Linux distribution for Apple Silicon Mac already installed and running on brand new M2
Unlike Intel Macs, Apple silicon Macs were designed to run only Apple software. But the developers at the Asahi Linux team are working to change that by painstakingly re-engineering support for Apple processors and other Mac hardware and releasing it as an unfinished distribution that can boot and run on bare metal, no. virtualization is required.
Today the Asahi Linux team released a new version with many additions and improvements. Specifically, the distribution now supports the M1 Ultra and Mac Studio, and added preliminary support for the M2 MacBook Pro (which has been tested by the team) and the M2 MacBook Air (which has not been tested but should work).
Preliminary Bluetooth support has also been added for all Apple Silicon Macs, although the team notes that it doesn’t work well when connected to a 2.4GHz Wi-Fi network because “Wi-Fi/Bluetooth coexistence is not yet properly configured.”

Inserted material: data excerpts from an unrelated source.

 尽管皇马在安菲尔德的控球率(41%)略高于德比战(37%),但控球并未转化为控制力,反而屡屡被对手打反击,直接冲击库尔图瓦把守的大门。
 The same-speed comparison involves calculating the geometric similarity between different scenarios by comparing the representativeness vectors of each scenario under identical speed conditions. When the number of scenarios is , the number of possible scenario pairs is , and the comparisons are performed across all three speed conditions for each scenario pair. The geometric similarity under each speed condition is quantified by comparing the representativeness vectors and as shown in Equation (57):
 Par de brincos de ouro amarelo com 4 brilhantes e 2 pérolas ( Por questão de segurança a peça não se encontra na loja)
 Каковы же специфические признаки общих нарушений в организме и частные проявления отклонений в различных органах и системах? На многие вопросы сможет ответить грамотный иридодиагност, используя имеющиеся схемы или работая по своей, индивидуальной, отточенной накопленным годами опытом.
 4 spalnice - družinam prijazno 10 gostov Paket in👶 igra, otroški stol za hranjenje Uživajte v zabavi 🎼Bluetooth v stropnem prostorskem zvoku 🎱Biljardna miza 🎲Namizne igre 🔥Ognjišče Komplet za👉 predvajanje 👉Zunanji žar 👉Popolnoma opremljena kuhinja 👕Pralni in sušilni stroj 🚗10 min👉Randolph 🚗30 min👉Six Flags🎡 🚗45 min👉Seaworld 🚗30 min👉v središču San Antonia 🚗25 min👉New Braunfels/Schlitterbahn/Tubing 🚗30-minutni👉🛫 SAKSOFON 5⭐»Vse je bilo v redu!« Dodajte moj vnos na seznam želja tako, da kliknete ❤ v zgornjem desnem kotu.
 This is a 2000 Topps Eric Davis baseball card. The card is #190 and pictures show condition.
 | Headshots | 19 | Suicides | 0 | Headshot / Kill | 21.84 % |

There are many other things that don’t work properly, including USB-A ports in Studio, faster than USB-2.0 speeds from any Type-C/Thunderbolt ports, and GPU acceleration, but progress is being made. all these fronts. In particular, work is underway on the GPU, and a “prototype driver”that is “good enough to run real graphics applications and benchmarks”is already up and running, although it is not included in this release.

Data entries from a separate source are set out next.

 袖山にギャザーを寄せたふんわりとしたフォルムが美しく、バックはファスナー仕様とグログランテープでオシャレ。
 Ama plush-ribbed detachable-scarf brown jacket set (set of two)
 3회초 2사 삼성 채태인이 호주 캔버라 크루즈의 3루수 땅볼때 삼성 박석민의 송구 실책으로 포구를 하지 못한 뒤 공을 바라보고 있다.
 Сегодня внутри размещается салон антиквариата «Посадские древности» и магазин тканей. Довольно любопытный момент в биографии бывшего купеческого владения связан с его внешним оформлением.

The Asahi team has said in the past that it expects support for new chips to be relatively easy to add to Asahi, as Apple’s chip designers often reuse things and don’t make significant hardware changes unless there is a good reason to do so. Adding basic M2 support to Asahi happened within a single 12-hour development session, and it only took “a few days”of extra effort to get the rest of the hardware to work as well as with the M1. This process may get more complicated as the Asahi team works with more hardware – supporting the new GPU will probably be a little more difficult than getting the keyboard and trackpad working – but it looks like the team will be able to fairly support the M2 chip family. fast,
The Asahi team’s stated goal has always been to contribute all their work upstream as it’s ready, and new versions of the Linux kernel already have some support for Apple Silicon Mac. After all, everything from Ubuntu to ChromeOS Flex can run on Apple silicon computers without much extra effort, which could be useful many years from now when Apple stops supporting older Apple silicon computers with new macOS releases. The OpenBSD version is also up and running on Apple Silicon thanks to the efforts of the Asahi team.